▸ **Prompt**:
The answer must be an exact copy of the lines from the one with "Desde el primer" through the final line of the records below, with no pictures.

▸ **Material to process**:
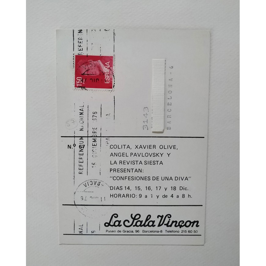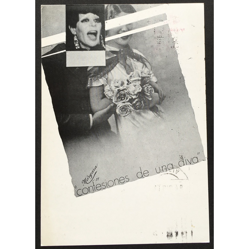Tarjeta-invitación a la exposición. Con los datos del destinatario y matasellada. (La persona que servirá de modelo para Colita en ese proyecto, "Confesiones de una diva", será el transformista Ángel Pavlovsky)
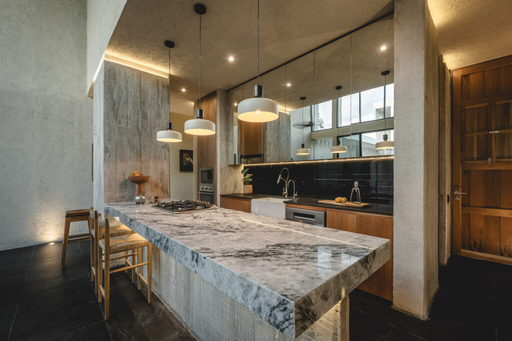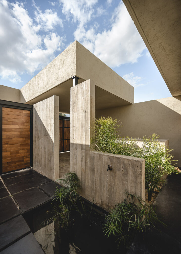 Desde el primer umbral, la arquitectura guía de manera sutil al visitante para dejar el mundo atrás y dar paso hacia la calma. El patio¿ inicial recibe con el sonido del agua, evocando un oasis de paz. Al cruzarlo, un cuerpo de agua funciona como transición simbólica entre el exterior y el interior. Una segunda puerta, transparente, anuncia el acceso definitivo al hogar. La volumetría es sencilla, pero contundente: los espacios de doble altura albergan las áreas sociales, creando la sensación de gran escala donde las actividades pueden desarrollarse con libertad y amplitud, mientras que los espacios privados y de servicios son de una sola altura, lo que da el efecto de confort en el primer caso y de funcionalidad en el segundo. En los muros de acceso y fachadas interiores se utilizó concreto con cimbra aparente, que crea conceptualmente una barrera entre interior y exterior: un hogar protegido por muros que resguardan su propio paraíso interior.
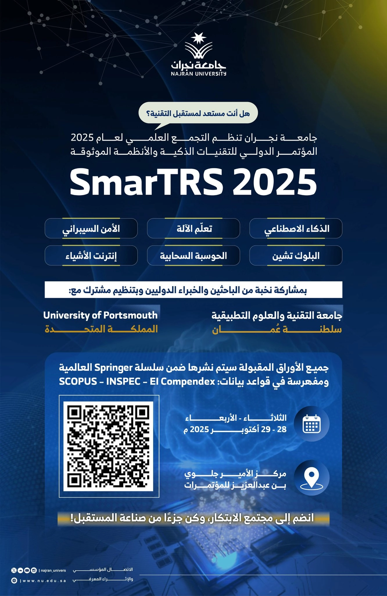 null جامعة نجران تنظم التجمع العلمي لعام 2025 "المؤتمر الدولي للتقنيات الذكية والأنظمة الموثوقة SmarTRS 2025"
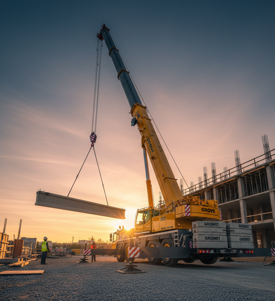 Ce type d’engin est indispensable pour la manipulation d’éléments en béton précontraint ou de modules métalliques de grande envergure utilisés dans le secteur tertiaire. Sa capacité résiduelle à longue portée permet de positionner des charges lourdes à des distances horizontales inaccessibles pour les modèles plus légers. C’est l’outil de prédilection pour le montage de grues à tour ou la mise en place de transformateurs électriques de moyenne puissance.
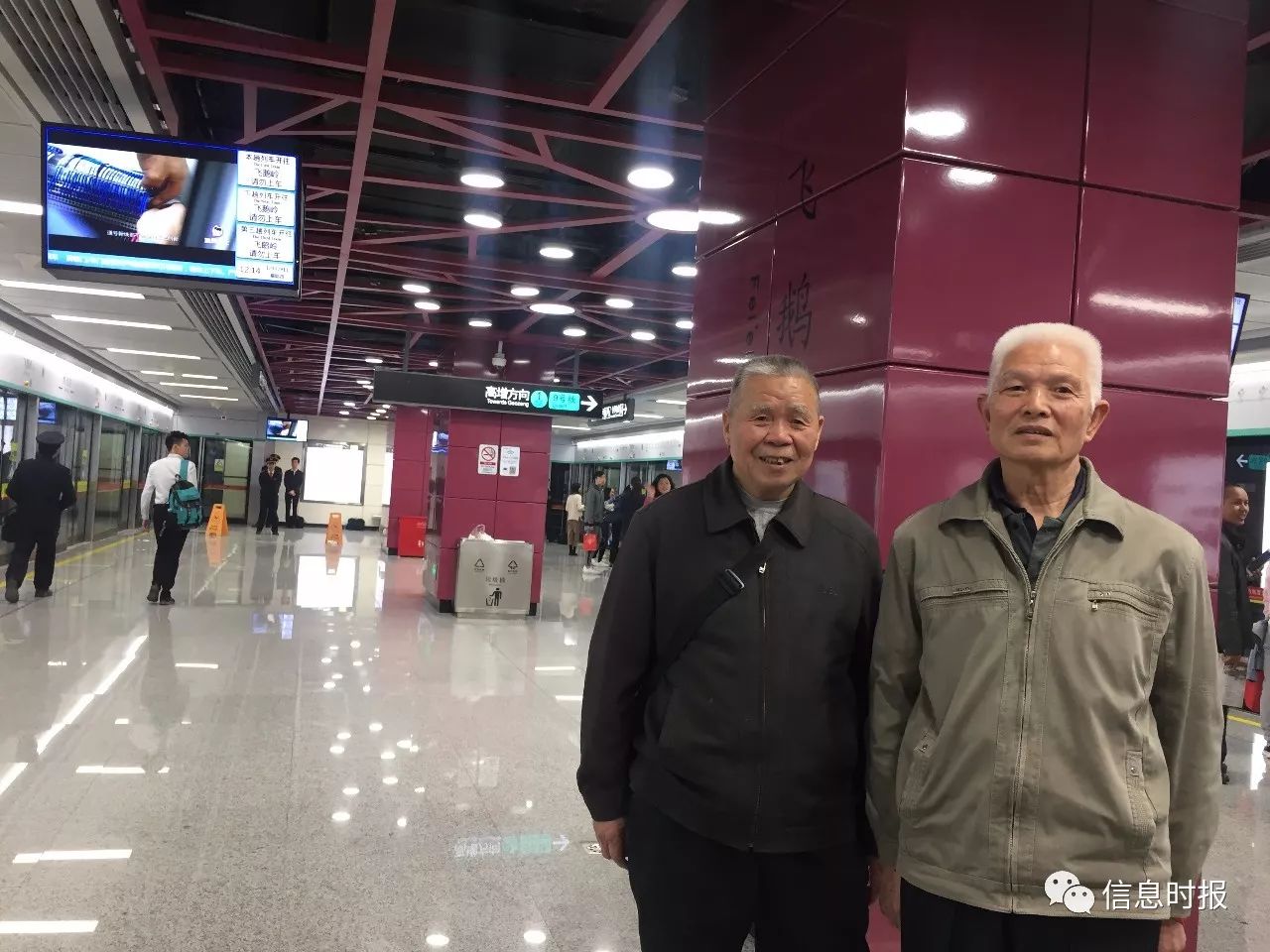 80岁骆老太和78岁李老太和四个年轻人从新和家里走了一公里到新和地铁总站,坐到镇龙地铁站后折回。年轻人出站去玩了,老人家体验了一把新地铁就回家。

▸ **Output of the task**:
 Desde el primer umbral, la arquitectura guía de manera sutil al visitante para dejar el mundo atrás y dar paso hacia la calma. El patio¿ inicial recibe con el sonido del agua, evocando un oasis de paz. Al cruzarlo, un cuerpo de agua funciona como transición simbólica entre el exterior y el interior. Una segunda puerta, transparente, anuncia el acceso definitivo al hogar. La volumetría es sencilla, pero contundente: los espacios de doble altura albergan las áreas sociales, creando la sensación de gran escala donde las actividades pueden desarrollarse con libertad y amplitud, mientras que los espacios privados y de servicios son de una sola altura, lo que da el efecto de confort en el primer caso y de funcionalidad en el segundo. En los muros de acceso y fachadas interiores se utilizó concreto con cimbra aparente, que crea conceptualmente una barrera entre interior y exterior: un hogar protegido por muros que resguardan su propio paraíso interior.
 null جامعة نجران تنظم التجمع العلمي لعام 2025 "المؤتمر الدولي للتقنيات الذكية والأنظمة الموثوقة SmarTRS 2025"
 Ce type d’engin est indispensable pour la manipulation d’éléments en béton précontraint ou de modules métalliques de grande envergure utilisés dans le secteur tertiaire. Sa capacité résiduelle à longue portée permet de positionner des charges lourdes à des distances horizontales inaccessibles pour les modèles plus légers. C’est l’outil de prédilection pour le montage de grues à tour ou la mise en place de transformateurs électriques de moyenne puissance.
 80岁骆老太和78岁李老太和四个年轻人从新和家里走了一公里到新和地铁总站,坐到镇龙地铁站后折回。年轻人出站去玩了,老人家体验了一把新地铁就回家。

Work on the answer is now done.